Energy storage and release from the achilles tendon, quasi-isometric capacity of the calf and the shanks ability to control yielding forces are fundamental components to quality running mechanics and therefore considerations should be made for low amplitude options throughout the entire rehabilitation journey.


Using a complexity and load continuum we can highlight entry to advanced options for the athlete to use throughout their entire rehab process. Here is an example progression stream:


Level 1 - Penguin March

Suitable for athletes in a protection or load introduction phase the primary goal of this exercise is to promote dissociation of ankle dorsiflexion and plantarflexion whilst creating tension isometrically through the calf complex


Level 2 - Pogo Jumps

Pogo jumps are an easy way to introduce an athlete to low amplitude plyometrics. Forming the foundation of a skipping technique, you can easily control the number of ground contacts as well as the amplitude and speed that the athlete jumps at. The aim is to promote as little knee flexion as possible when the athlete hits the ground and continue to build on the components of ankle dorsiflexion and plantarflexion that were established during the penguin march stage. This is suitable for an athlete throughout a load introduction phase ideally.


Level 3 - Ankle Skips

Ankle skips begin to transition an athlete towards unilateral based demands however provide a double contact element as the athlete hits the ground to dissipate ground reaction forces, they are suitable for athletes in either a load introduction phase or strength accumulation phase.


Level 4 - Alternating Pogo

Alternating pogos place a heavy demand on the athlete and require large amounts of force placed into the ground to be able to establish enough height from the recoil to effectively prepare for the next rep, as the load is alternating between limbs however it allows each limb time to recover between reps. This is suitable for an athlete from a strength accumulation phase onwards


Level 5 - Single Leg Pogos

Single leg pogo jumps are a highly complex drill that require immense levels of elastic recoil in the achilles and technical proficiency to ensure that the leg drive isn't provided through the knee and hips and rather solely from the ankle.
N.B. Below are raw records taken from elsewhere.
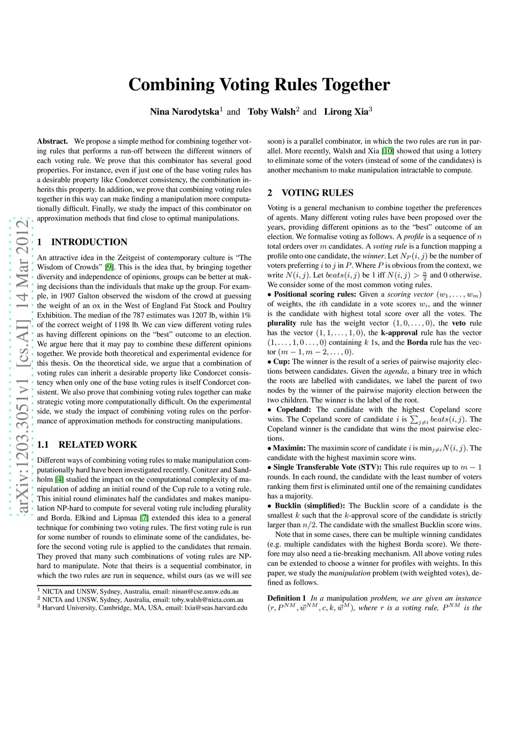 We propose a simple method for combining together voting rules that performs a run-off between the different winners of each voting rule. We prove that this combinator has several good properties. For instance, even if just one of the base voting rules has a desirable property like Condorcet consistency, the combination inherits this property. In addition, we prove that combining voting rules together in this way can make finding a manipulation more computationally difficult. Finally, we study the impact of this combinator on approximation methods that find close to optimal manipulations.
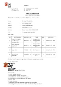 Yulfianti, Yola Bukti Mengajar MK Proposal Penciptaan Seni. Sekolah Pascasarjana IKJ.
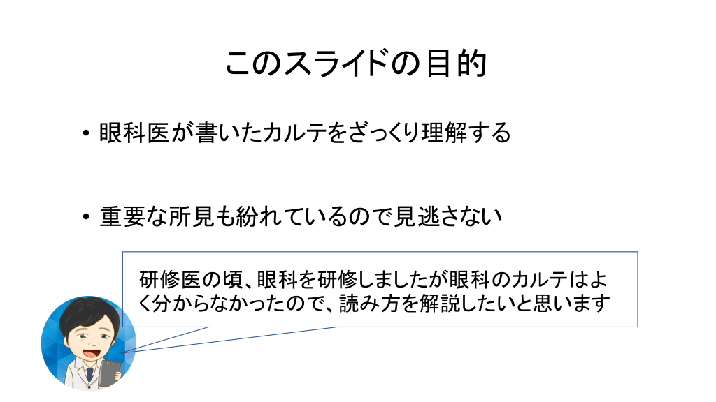 #3. このスライドの目的 • 眼科医が書いたカルテをざっくり理解する • 重要な所見も紛れているので見逃さない 研修医の頃、眼科を研修しましたが眼科のカルテはよ く分からなかったので、読み方を解説したいと思います
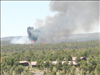 Full fire with black smoke advancing on buildings on the first day of Long Mesa Fire, Mesa Verde National Park, July 29, 2002
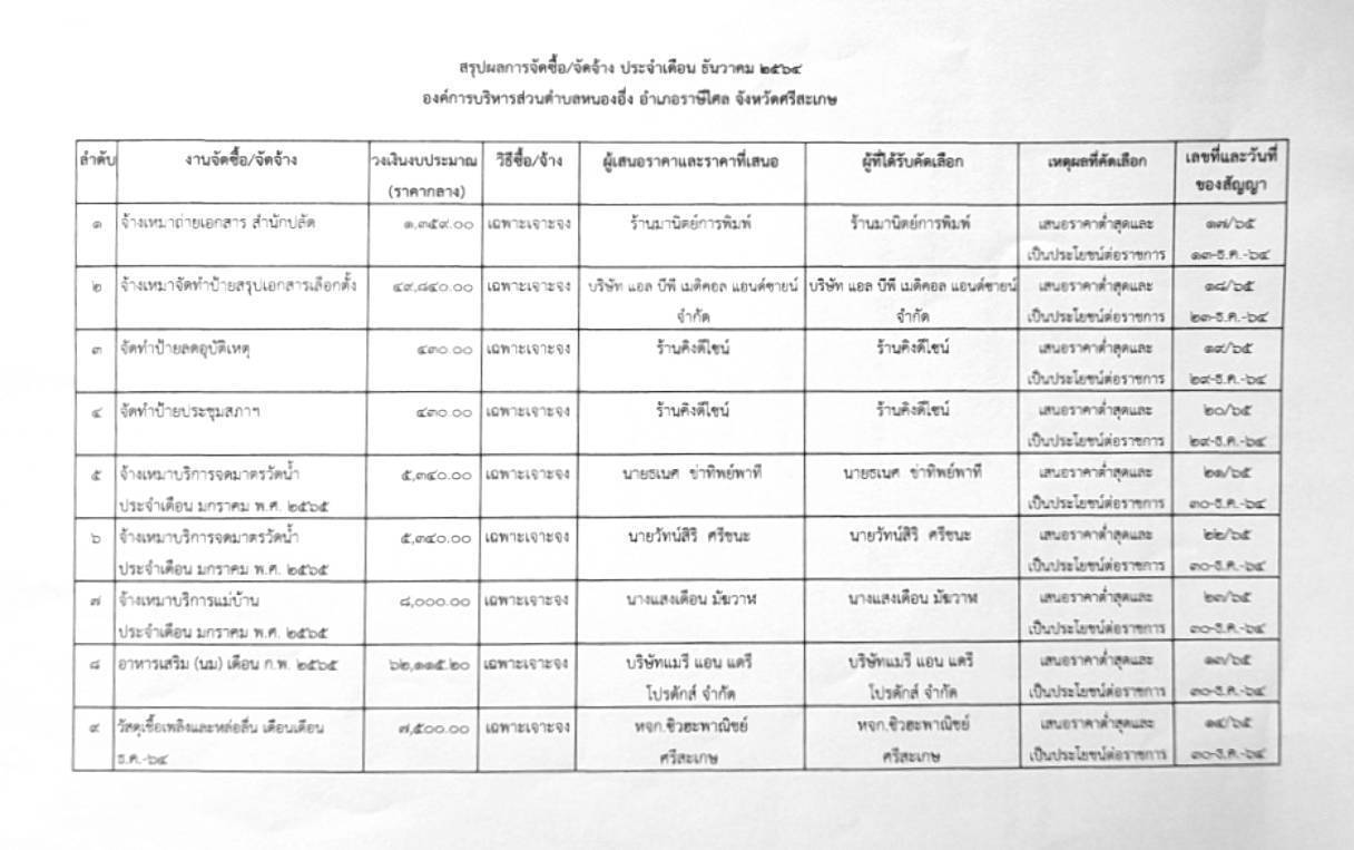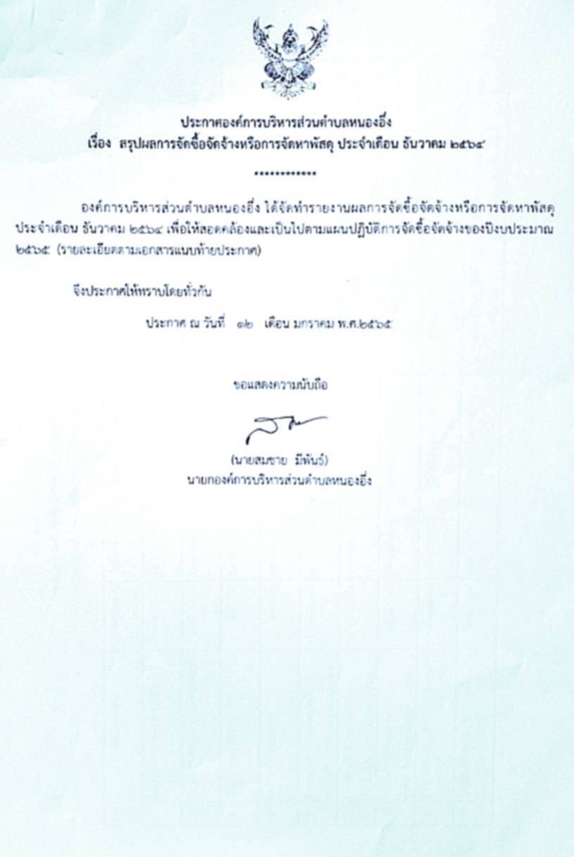สรุปผลการดำเนินการจัดซื้อจัดจ้างในรอบเดือน ธันวาคม 2564
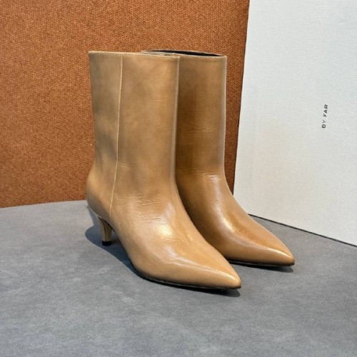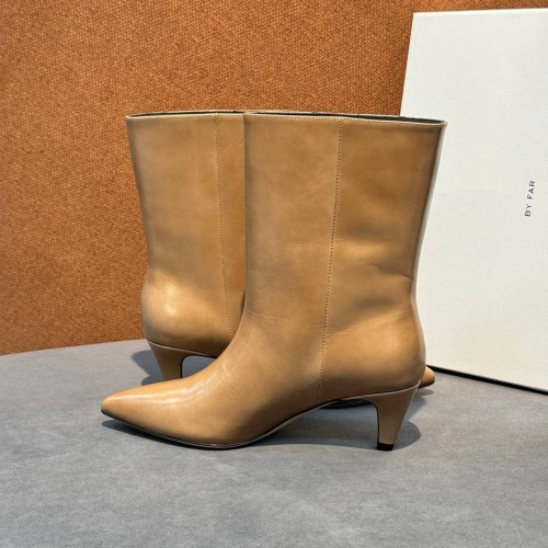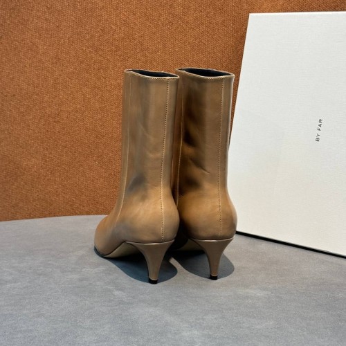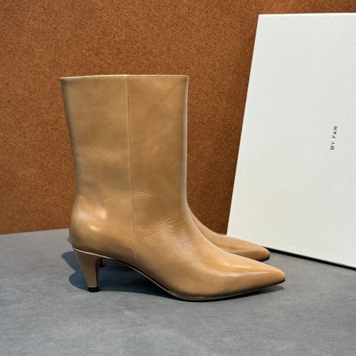 Бежевые женские ботильоны By Far из натуральной кожи. Ботильоны из новой коллекции сочетают в себе комфорт и элегантность. Устойчивый каблук, высотой 6 см и невысокий подъем отвечают за устойчивость и удобство, а заостренная носочная часть и приталенный силуэт - за актуальность и универсальность. В нашем интернет-магазине вы можете купить копии ботильон с доставкой по Москве и по всей России.
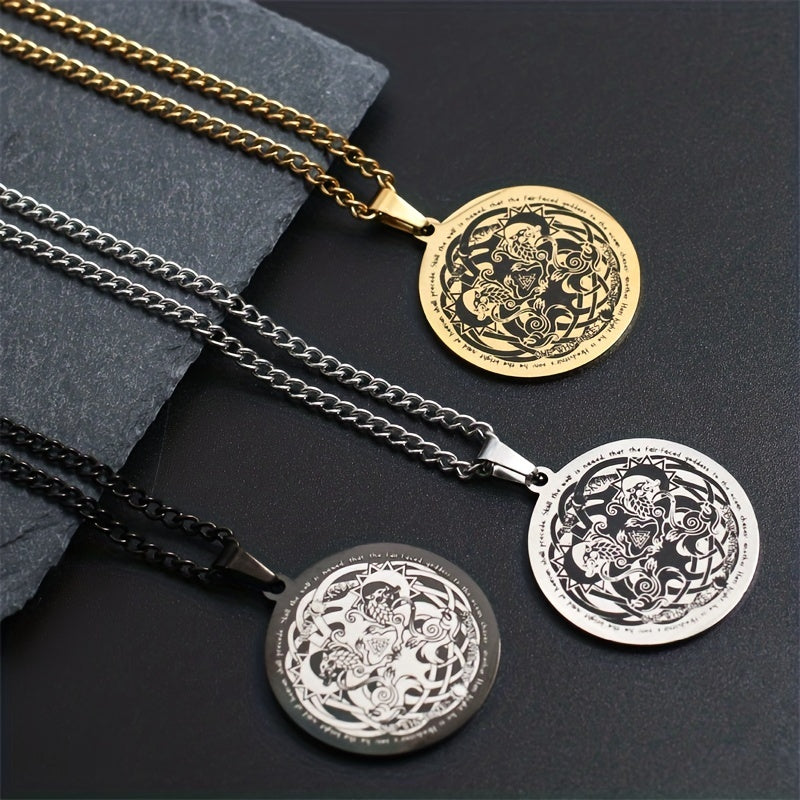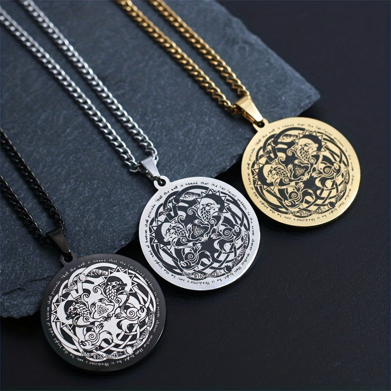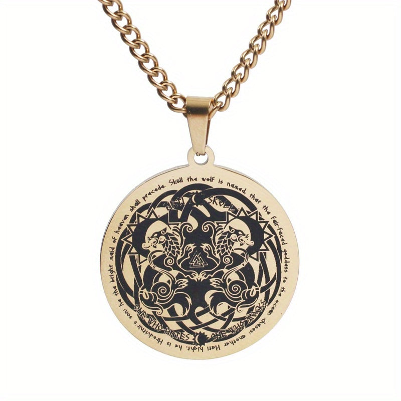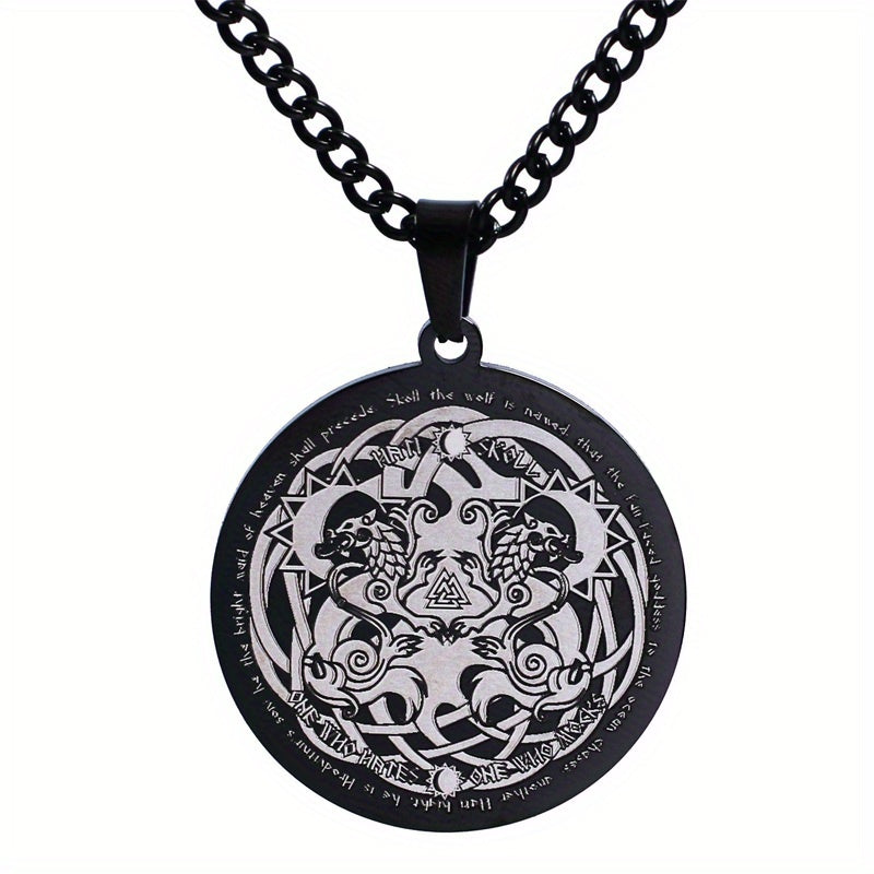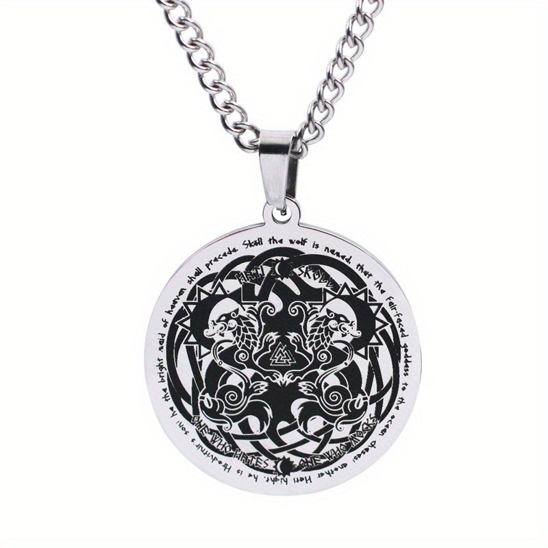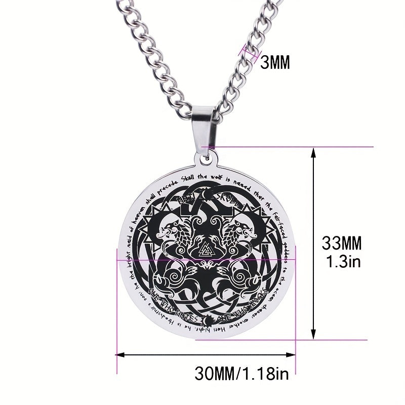 Enhance your style with this stainless steel pendant necklace featuring a Viking Celtic Wolf design. It adds a touch of mystique and sophistication to your outfit.

My experience is that very rarely do field sport athletes perform these well and thus many will never reach this stage however there is no harm in trialling it as an assessment piece and if the athlete delivers good technique then prescribing it in their program.


Having a progression and regression model for exercise streams is a critical tool to have as a clinician to ensure athletes have the right exercise prescribed for both their particular stage of rehab as well as their training age.